Don't include any picture when you restate the data word for word.

_Source material_.
*** Block opens ***

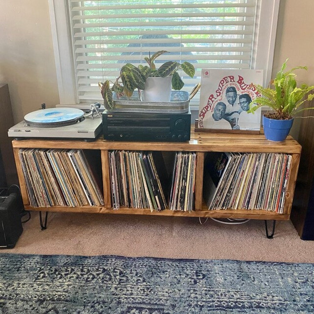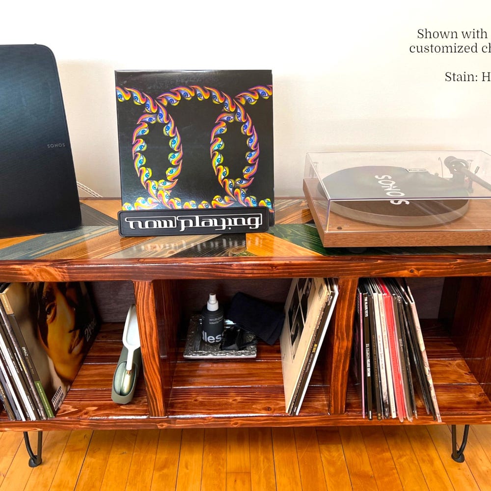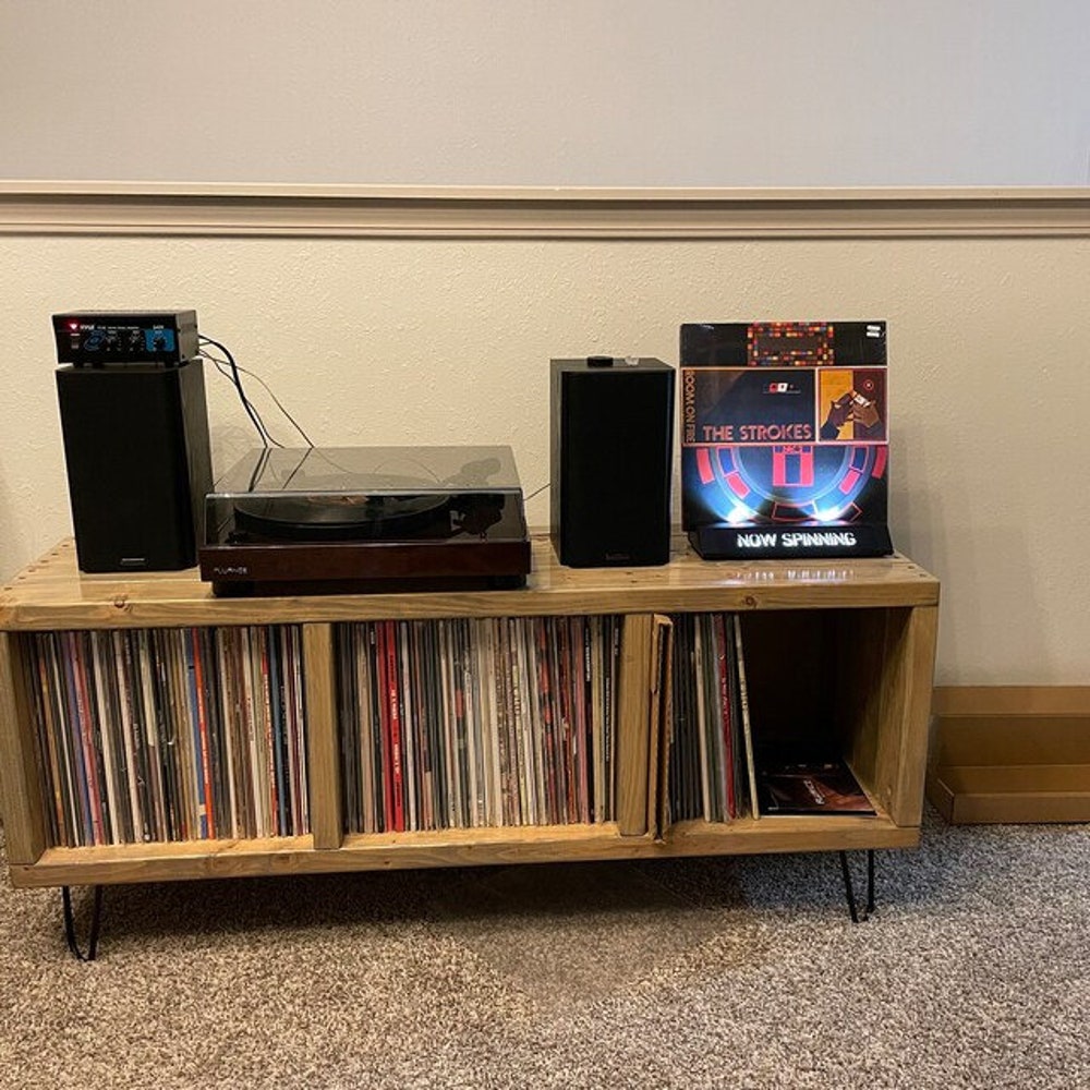 Vinyl Record Player Stand and Storage Record Player Tv Stand Lp Record Storage Sound of Vinyl Record Storage Console Record Player Handmade
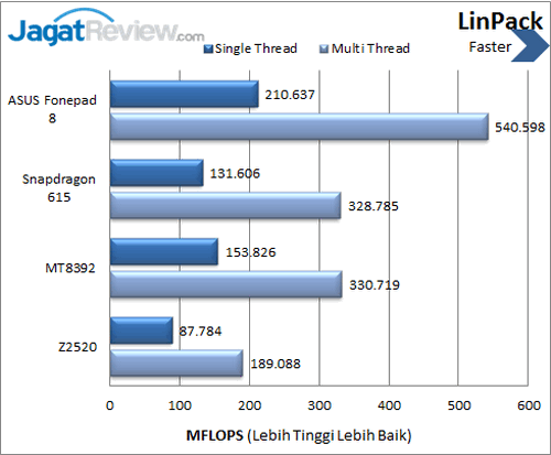 LinPack merupakan benchmark untuk mengukur kinerja sebuah perangkat dalam menghitung floating point. Hasilnya dalam bentuk nilai operasi floating point per detik atau MFLOPS (Million Floating Point Per Second). Semakin tinggi nilainya, semakin baik.
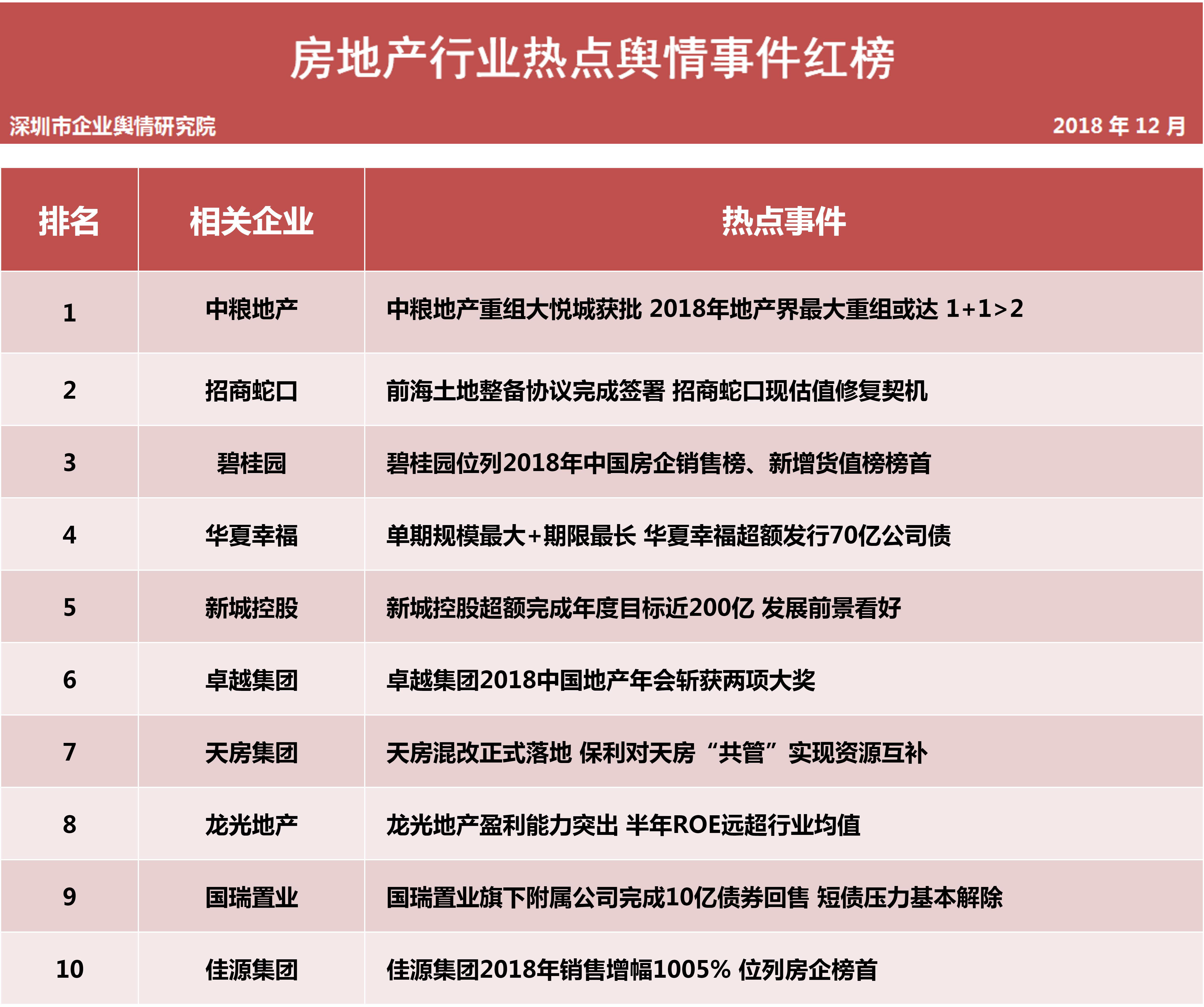 1月31日,深圳企业舆情研究院发布第十二批企业舆情榜单。本次榜单重点聚焦房地产及医药保健两个行业。

*** Block closes ***

_Response area_.
 Vinyl Record Player Stand and Storage Record Player Tv Stand Lp Record Storage Sound of Vinyl Record Storage Console Record Player Handmade
 LinPack merupakan benchmark untuk mengukur kinerja sebuah perangkat dalam menghitung floating point. Hasilnya dalam bentuk nilai operasi floating point per detik atau MFLOPS (Million Floating Point Per Second). Semakin tinggi nilainya, semakin baik.
 1月31日,深圳企业舆情研究院发布第十二批企业舆情榜单。本次榜单重点聚焦房地产及医药保健两个行业。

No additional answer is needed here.